**WHAT TO WORK ON:**
Print all the data below exactly, without images.
***** AVAILABLE RECORDS *****
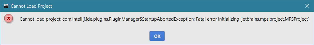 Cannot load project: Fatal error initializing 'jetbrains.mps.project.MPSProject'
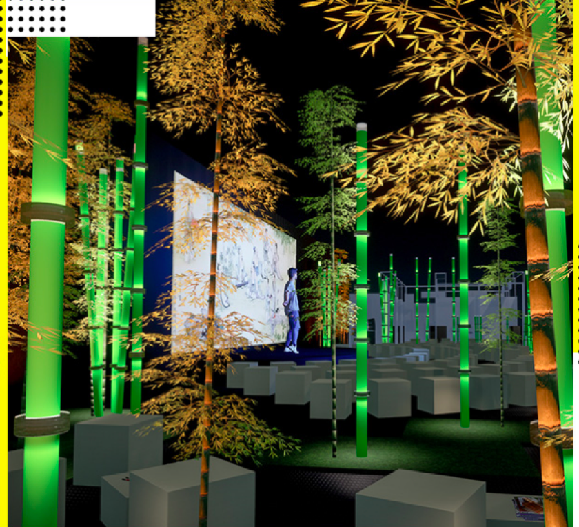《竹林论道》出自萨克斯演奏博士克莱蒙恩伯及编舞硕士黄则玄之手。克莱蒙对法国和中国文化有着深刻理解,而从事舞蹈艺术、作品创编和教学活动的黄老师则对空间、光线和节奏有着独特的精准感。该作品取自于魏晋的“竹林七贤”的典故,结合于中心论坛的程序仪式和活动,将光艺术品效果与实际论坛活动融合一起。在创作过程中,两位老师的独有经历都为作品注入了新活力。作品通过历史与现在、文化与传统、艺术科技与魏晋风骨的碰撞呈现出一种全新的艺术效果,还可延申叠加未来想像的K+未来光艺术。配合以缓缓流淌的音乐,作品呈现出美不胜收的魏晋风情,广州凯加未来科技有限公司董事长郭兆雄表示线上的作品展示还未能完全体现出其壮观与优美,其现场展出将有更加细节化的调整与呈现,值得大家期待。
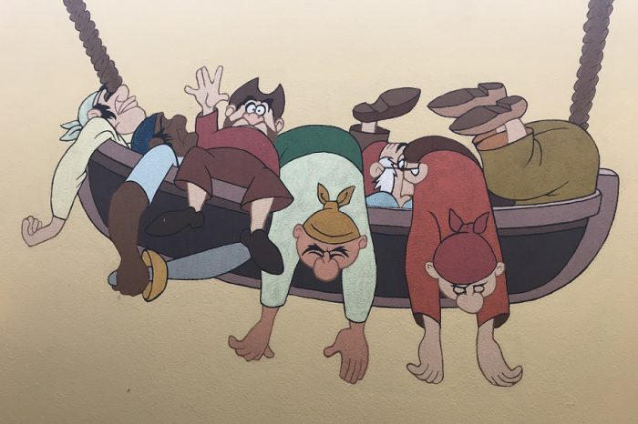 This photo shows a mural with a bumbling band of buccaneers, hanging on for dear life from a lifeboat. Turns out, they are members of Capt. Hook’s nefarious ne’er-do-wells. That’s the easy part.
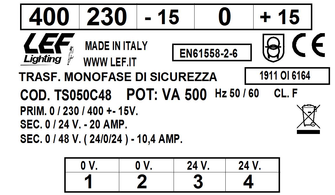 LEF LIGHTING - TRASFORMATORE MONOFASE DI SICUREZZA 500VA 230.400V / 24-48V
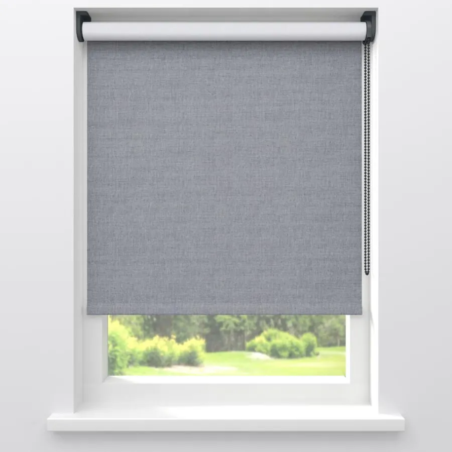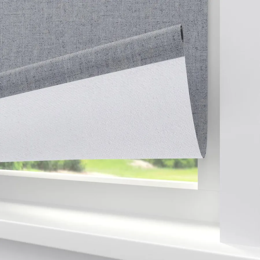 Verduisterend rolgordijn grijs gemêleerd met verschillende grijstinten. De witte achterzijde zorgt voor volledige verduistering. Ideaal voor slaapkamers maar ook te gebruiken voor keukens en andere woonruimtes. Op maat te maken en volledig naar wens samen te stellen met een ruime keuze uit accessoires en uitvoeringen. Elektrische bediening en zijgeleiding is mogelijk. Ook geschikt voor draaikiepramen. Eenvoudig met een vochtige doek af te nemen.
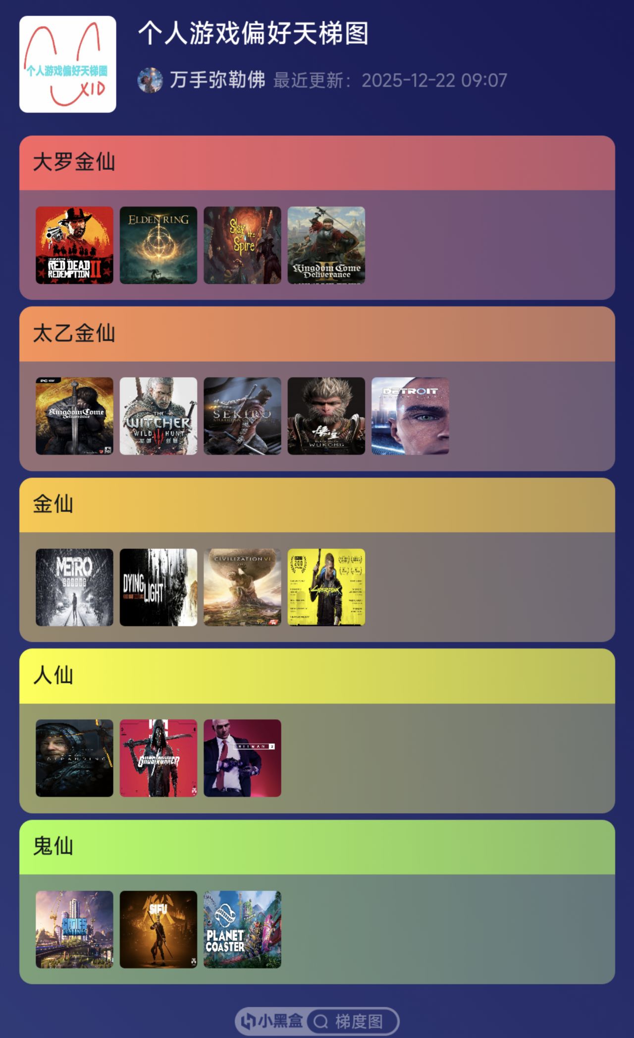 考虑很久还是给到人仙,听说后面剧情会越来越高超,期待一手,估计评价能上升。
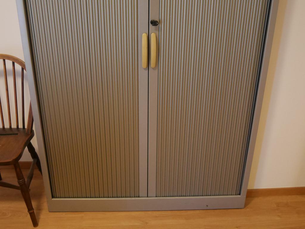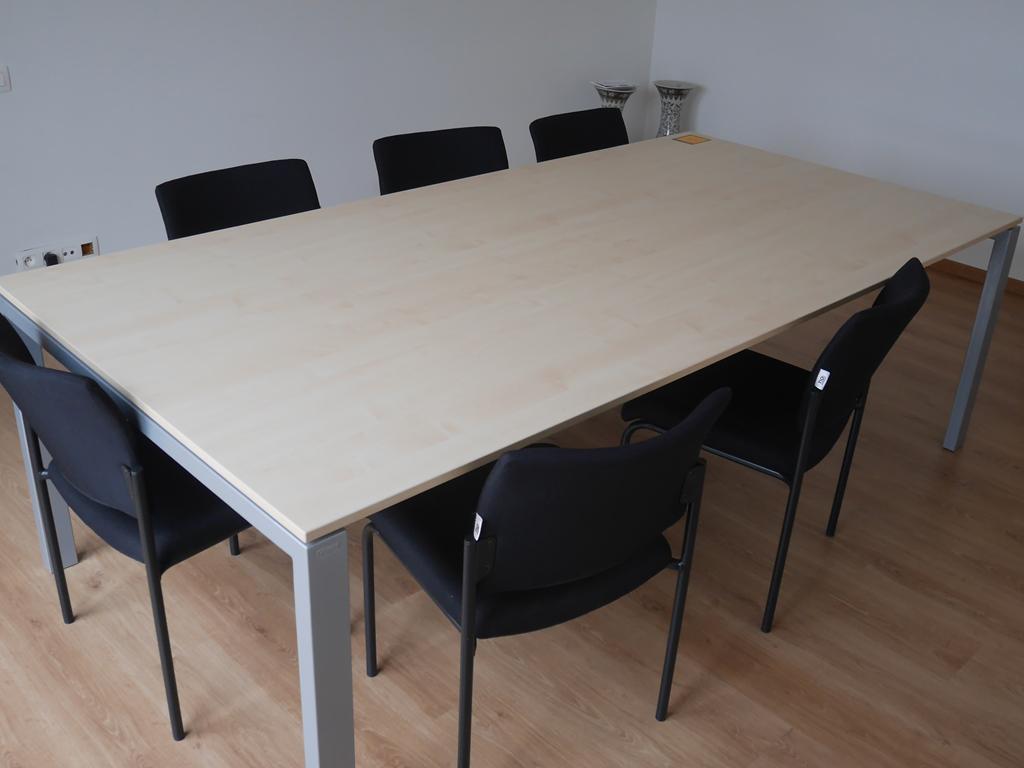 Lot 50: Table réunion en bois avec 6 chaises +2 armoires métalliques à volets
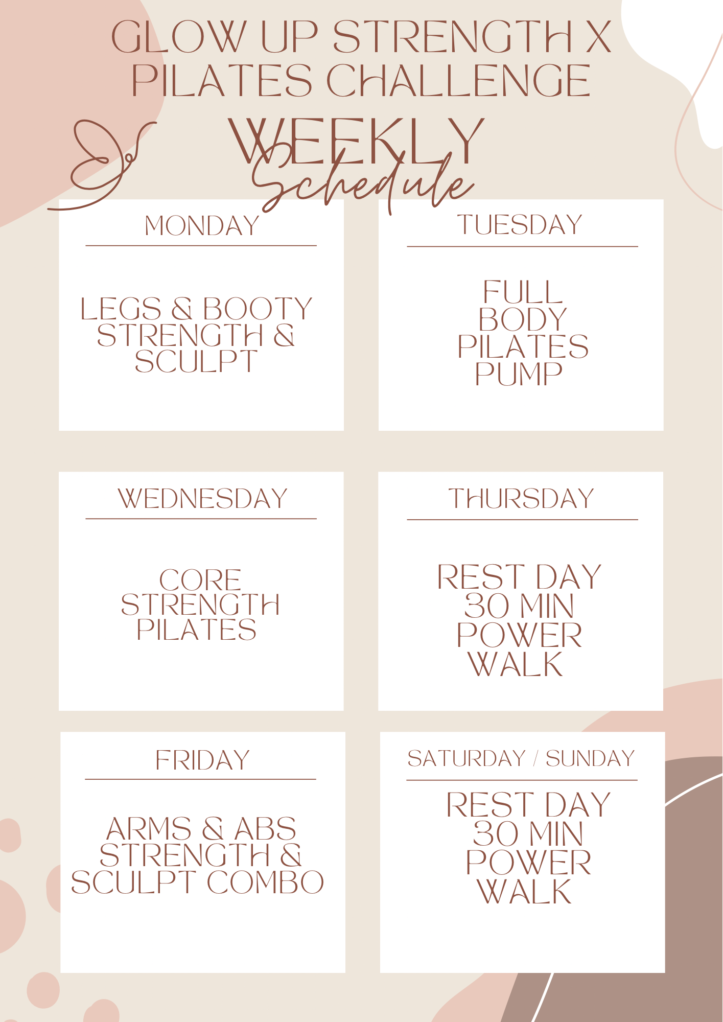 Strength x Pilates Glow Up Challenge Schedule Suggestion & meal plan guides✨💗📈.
*****
**ANSWER BELOW:**
 Cannot load project: Fatal error initializing 'jetbrains.mps.project.MPSProject'
《竹林论道》出自萨克斯演奏博士克莱蒙恩伯及编舞硕士黄则玄之手。克莱蒙对法国和中国文化有着深刻理解,而从事舞蹈艺术、作品创编和教学活动的黄老师则对空间、光线和节奏有着独特的精准感。该作品取自于魏晋的“竹林七贤”的典故,结合于中心论坛的程序仪式和活动,将光艺术品效果与实际论坛活动融合一起。在创作过程中,两位老师的独有经历都为作品注入了新活力。作品通过历史与现在、文化与传统、艺术科技与魏晋风骨的碰撞呈现出一种全新的艺术效果,还可延申叠加未来想像的K+未来光艺术。配合以缓缓流淌的音乐,作品呈现出美不胜收的魏晋风情,广州凯加未来科技有限公司董事长郭兆雄表示线上的作品展示还未能完全体现出其壮观与优美,其现场展出将有更加细节化的调整与呈现,值得大家期待。
 This photo shows a mural with a bumbling band of buccaneers, hanging on for dear life from a lifeboat. Turns out, they are members of Capt. Hook’s nefarious ne’er-do-wells. That’s the easy part.
 LEF LIGHTING - TRASFORMATORE MONOFASE DI SICUREZZA 500VA 230.400V / 24-48V
 Verduisterend rolgordijn grijs gemêleerd met verschillende grijstinten. De witte achterzijde zorgt voor volledige verduistering. Ideaal voor slaapkamers maar ook te gebruiken voor keukens en andere woonruimtes. Op maat te maken en volledig naar wens samen te stellen met een ruime keuze uit accessoires en uitvoeringen. Elektrische bediening en zijgeleiding is mogelijk. Ook geschikt voor draaikiepramen. Eenvoudig met een vochtige doek af te nemen.
 考虑很久还是给到人仙,听说后面剧情会越来越高超,期待一手,估计评价能上升。
 Lot 50: Table réunion en bois avec 6 chaises +2 armoires métalliques à volets
 Strength x Pilates Glow Up Challenge Schedule Suggestion & meal plan guides✨💗📈.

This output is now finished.